Honda places the Fit's USB port in the least convenient spot on the dashboard.

Josh Miller/CNET

At this basic level, audio sources include a USB/iPod connection that enables MP3/WMA playback. However, Honda has chosen to put the USB connection pigtail on the passenger wall of the upper glove compartment, which is as far away from the driver as is physically possible while still being located on the dashboard. Plugging in a USB key, even while parked, was a serious reach for me. Any farther away and it'd be outside of the car!

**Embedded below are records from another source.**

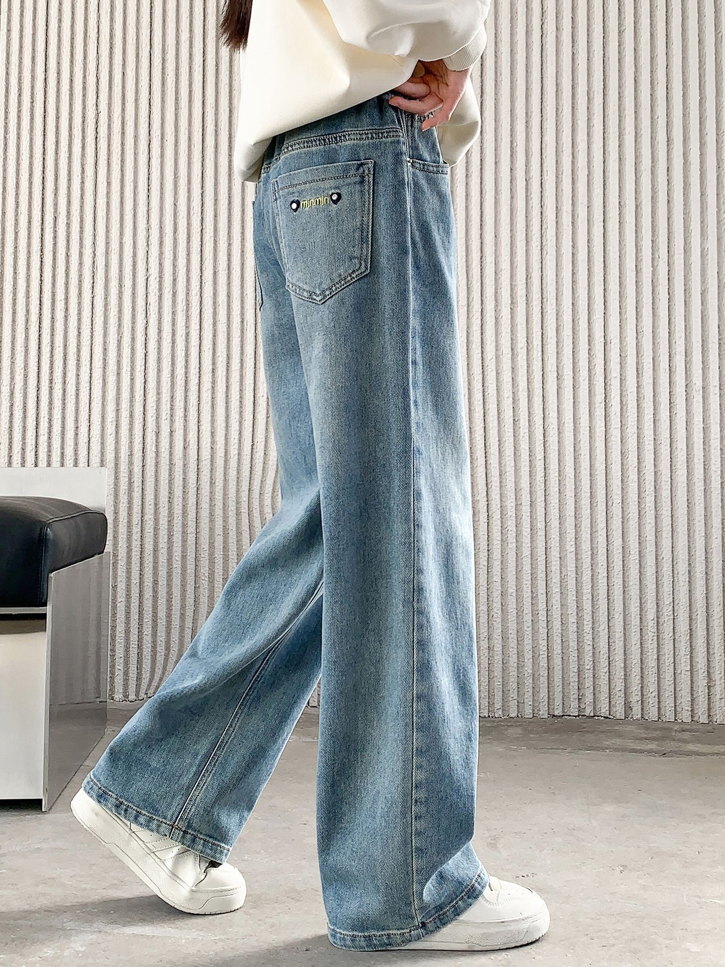여아 바지 봄, 가을 중대형 아동용 스트레이트 청바지 2025 가을 의류 아동 및 청소년 여아 캐주얼 바지스토어 가기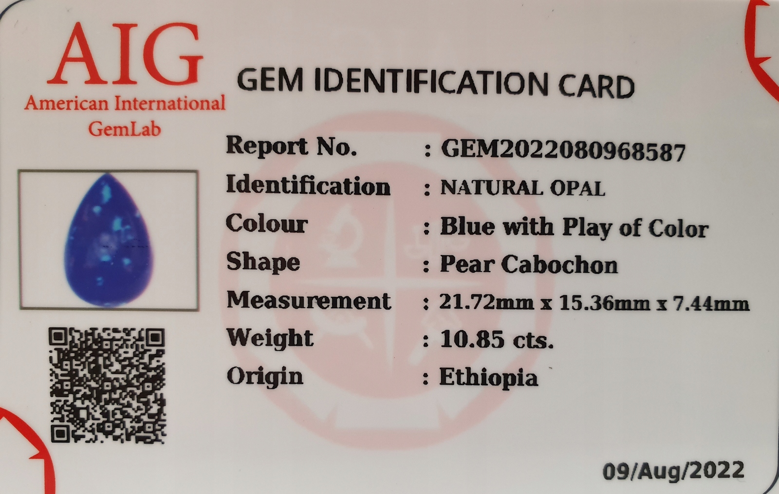 Натуральний опал 10,85 карата + Сертифікат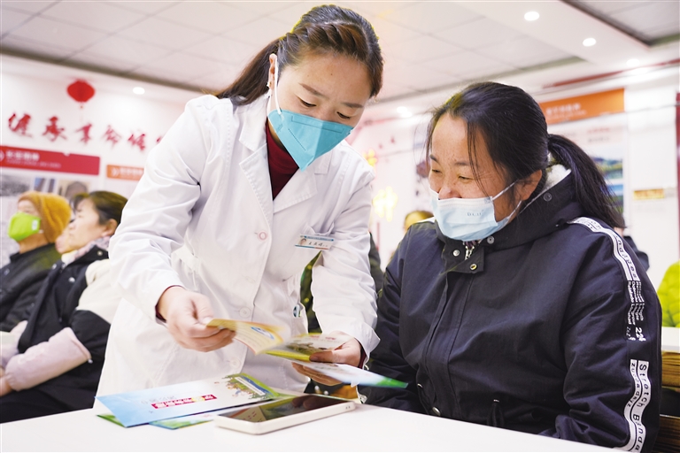 在共享社区新时代文明实践站内,辖区卫生院的工作人员向居民宣传健康养生知识。 本报记者 马赛尔 摄
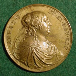 Rev: A gnomon on a pedestal bearing Anne's coat of arms, in a landscape.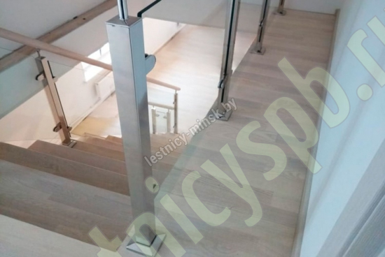 Ограждение выполняется из закаленного стекла толщиной от 8 мм. Стеклянные листы монтируются на стойки из нержавеющей трубы.<br>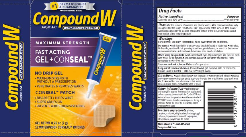 Compound W Maximum Strength Fast Acting No Drip Gel is a wart remover system that penetrates and removes warts without a prescription. The product comes with 12 waterproof CONSEALâ„¢ patches that discretely hide the wart and prevent it from spreading. The gel has super adhesion and is easy to apply. Each package contains 0.252 oz (7 g) of gel.*

The rest of the standard audio sources include a single-slot CD player that also decodes MP3/WMA, AM/FM radio, and an analog auxiliary input. Missing from this list are a satellite radio option and HD Radio decoding, which you can probably live without.

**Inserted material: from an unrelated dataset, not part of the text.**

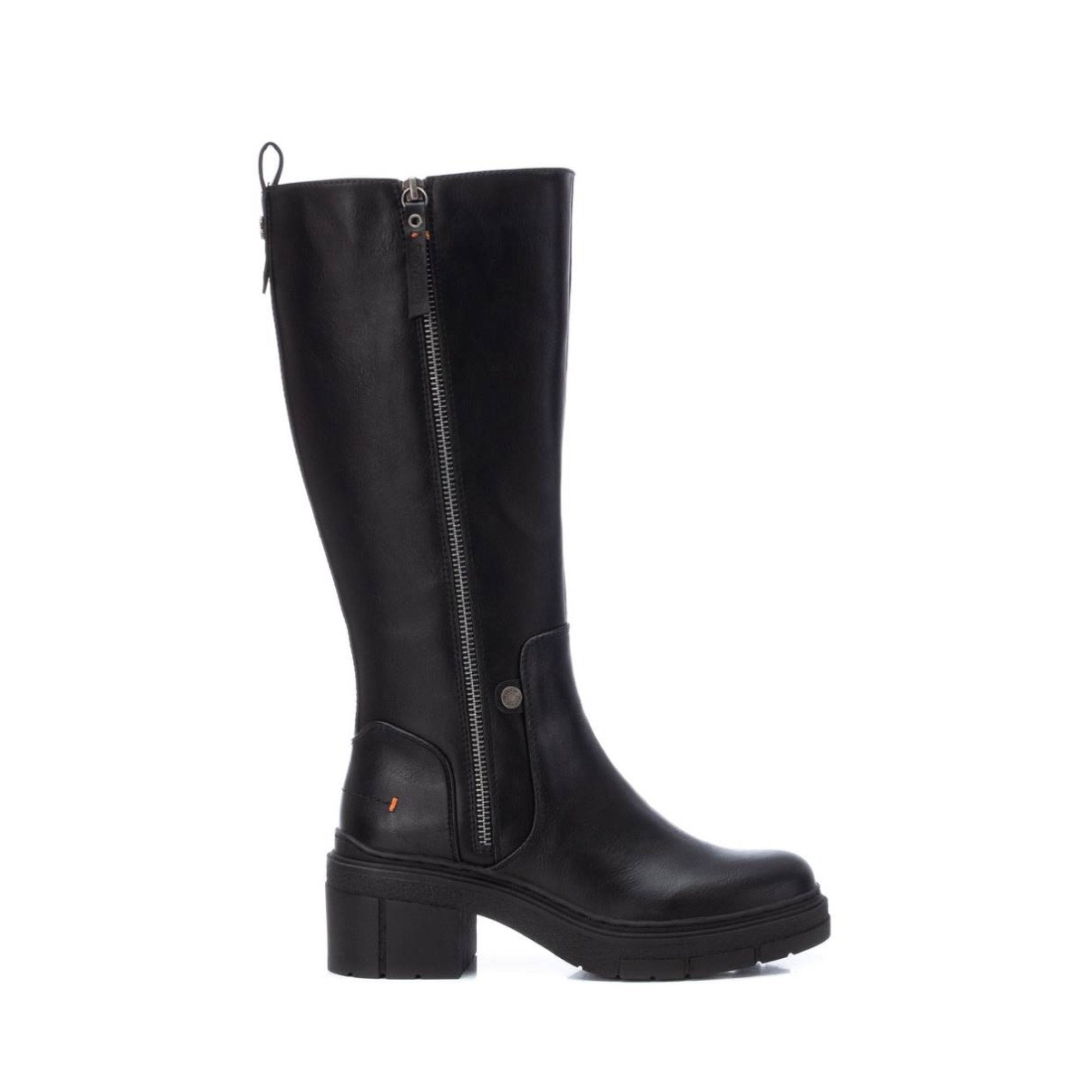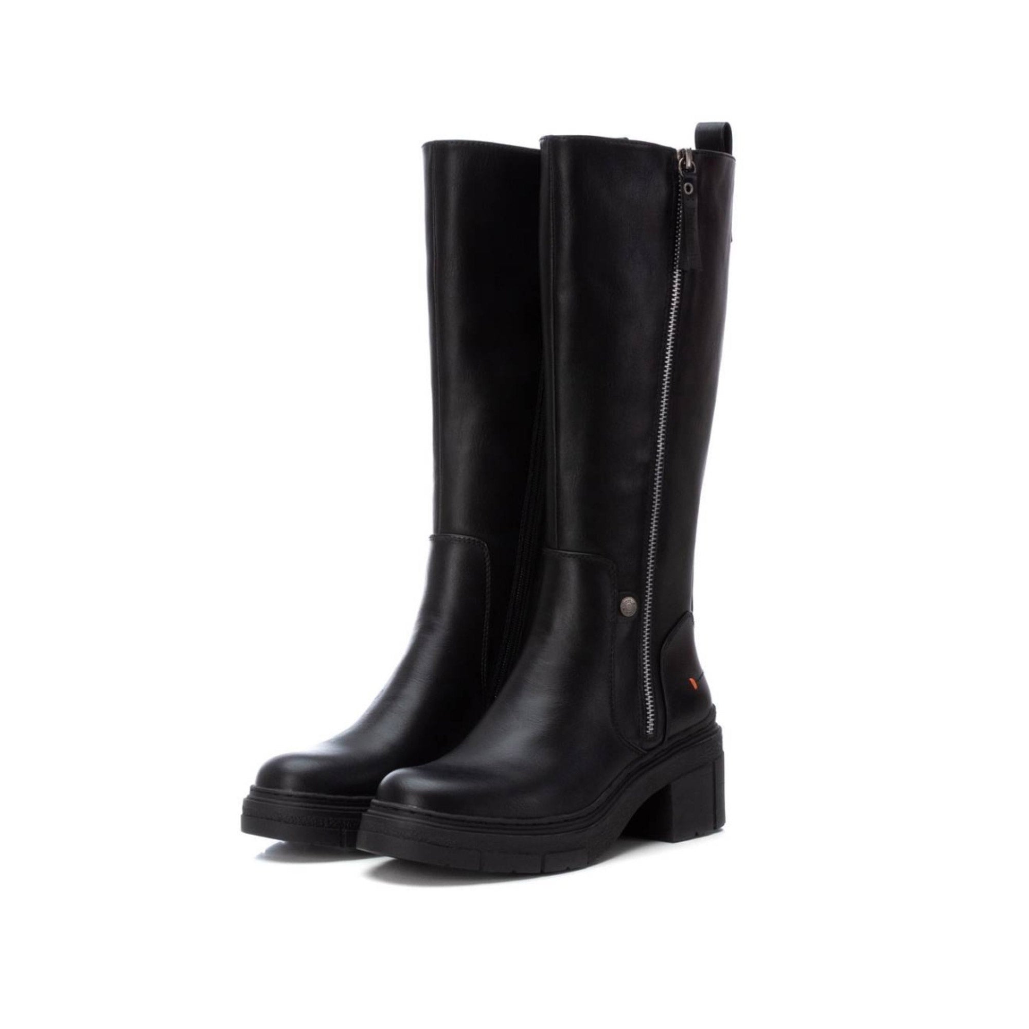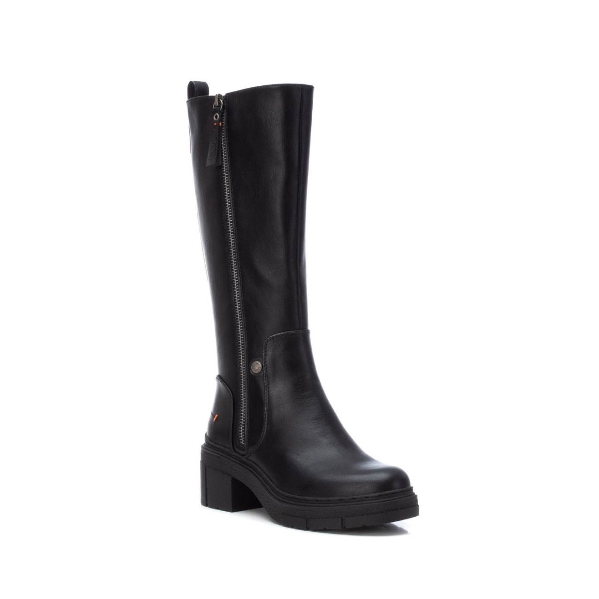 Stivali Refresh, modello con tomaia in pelle liscia e zip laterale a contrasto, tacco medio e squadrato e suola carrarmata per una maggiore stabilità. La silhouette alta fino al ginocchio conferisce eleganza e protezione, mentre i dettagli minimalisti e la struttura robusta rendono questi stivali perfetti per abbinamenti sia casual che formali, mantenendo comfort e stile.

Our fully loaded Fit Sport came equipped with the Honda Satellite Linked Navigation, an all-in-one option that adds a hard-drive-based navigation system to the dashboard with a touch-screen interface. This system is reasonably fast and features a pretty good voice command system that extends beyond navigation to basic audio controls and hands-free calling. However, the graphics are pixelated, jagged, and simple, and street names are difficult to read on the screen. The system lacks spoken street names while navigating and traffic data of any sort. Obviously, it also lacks any sort of connected features such as Google or Bing destination search.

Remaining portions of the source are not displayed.